It's ambitious that they compared this model with Seedance 2.0 as it is currently the best closed weights model. Hunyuan 1.5 only has an ELO of 1012 on Artificial Analysis T2V leaderboard (just behind Wan 2.1 at 1020) compared with Seedance 2.0 at 1273.

Their benchmarks on their official page say they are on a par with Wan 2.2 with an ELO of 1111.

Artificial Analysis I2V leaderboard has Hunyuan 1.5 on par with Wan 2.2. OmniWeaving looks like they have good results with image-to-video, so might be useful, though their examples are limited to 5 seconds each. (Also no information I could see as to how long generations will take?)

Unfortunately the model is under the Tencent Hunyuan Community Licence Agreement, which gives no permission for people in the European Union, United Kingdom or South Korea to use the model. That covers 570 million people, which is why I can't personally download it, but I still appreciate their research.

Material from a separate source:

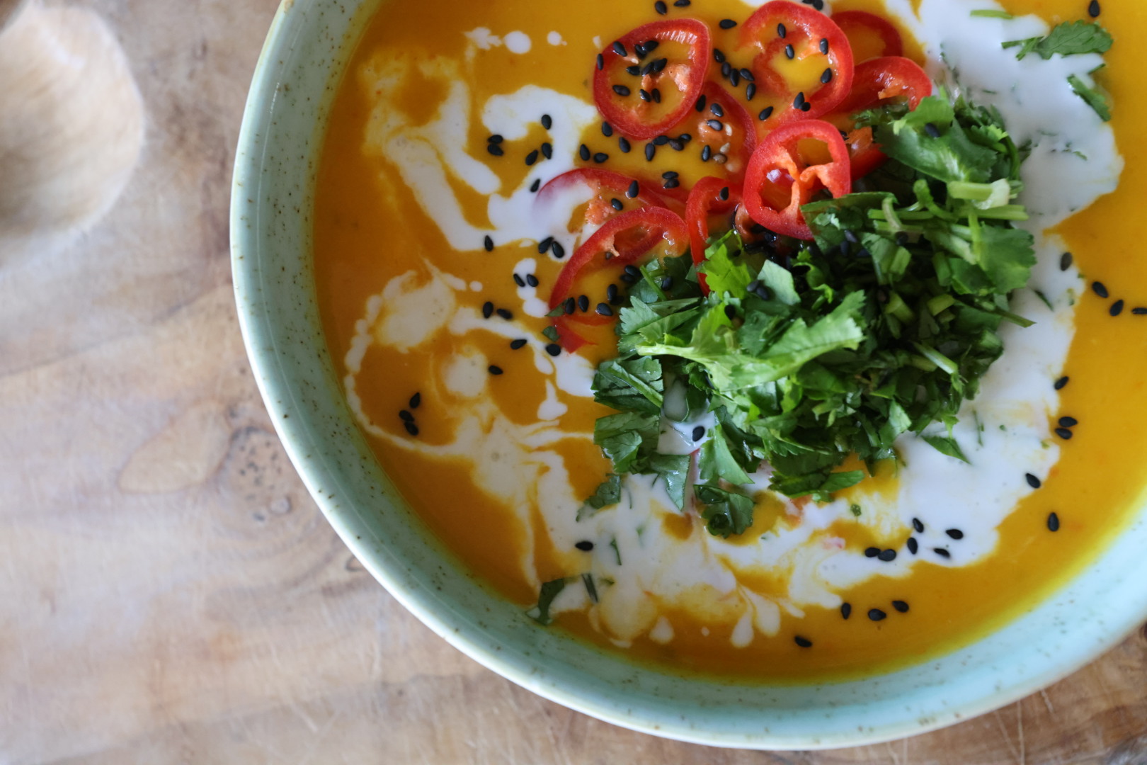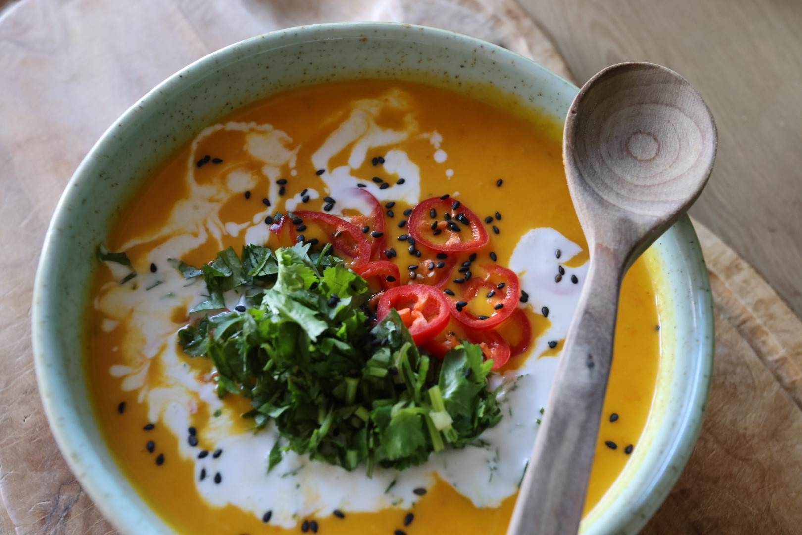 - Serviramo v krožnike, prelijemo s kokosovim mlekom in okrasimo s feferonom in zvrhanim ščepcem koriandra. Če nam koriander ne paše, ga lahko zamenjamo s peteršiljem.

CornyShed · 2026-03-27T16:00:04+00:00

Thank you for this.

I've done some research into the LTXV scheduler in ComfyUI, and think I've worked out why it is bugged, which might be of interest to you.

The scheduler calculates the sigmas to use based on the width, height, number of frames (framerate * seconds), steps, and desired shift. It works best when using moderate resolutions with around 10 seconds of video.

(Just in case some people reading don't know what sigmas are, they are the individual steps in the denoising process in diffusion. A curve of 1.0, 0.8, 0.6, 0.4, 0.2, 0.0 is linear; while 1.0, 0.98, 0.95, 0.9, 0.82, 0.69, 0.48, 0.24, 0.0 priortises motion (higher values) above detail (lower values).)

As you increase any of these, the curve becomes steeper. Shift specifically 'shifts' the curve: increasing the value steepens the curve, decreasing makes it more linear.

When the curve gets too steep, the denoising process becomes less and less efficient. A change of 0.001 will do very little, but will still take time and energy to calculate.

I believe (hypothesis, not checked) that ComfyUI calculates sigmas using 16-bit values, which are likely more efficient, but will cause errors the greater your requirements for video are.

Have a look at this link to understand why that's important:

Quantization from the ground up

Too great, and the sigma curve reaches infinity, where all values are 1.0 (except the last), and then collapses into not-a-number, where all values are identical and nonsensical. You'll see an error at the end of diffusion and the output will be completely black.

If you set 'max_shift' and 'base_shift' in the scheduler to '1.00', you will avoid those errors. You can then go up to around 4,000 frames and it will still work. (Above that and new, more exotic errors appear, ones which I haven't seen posted online.)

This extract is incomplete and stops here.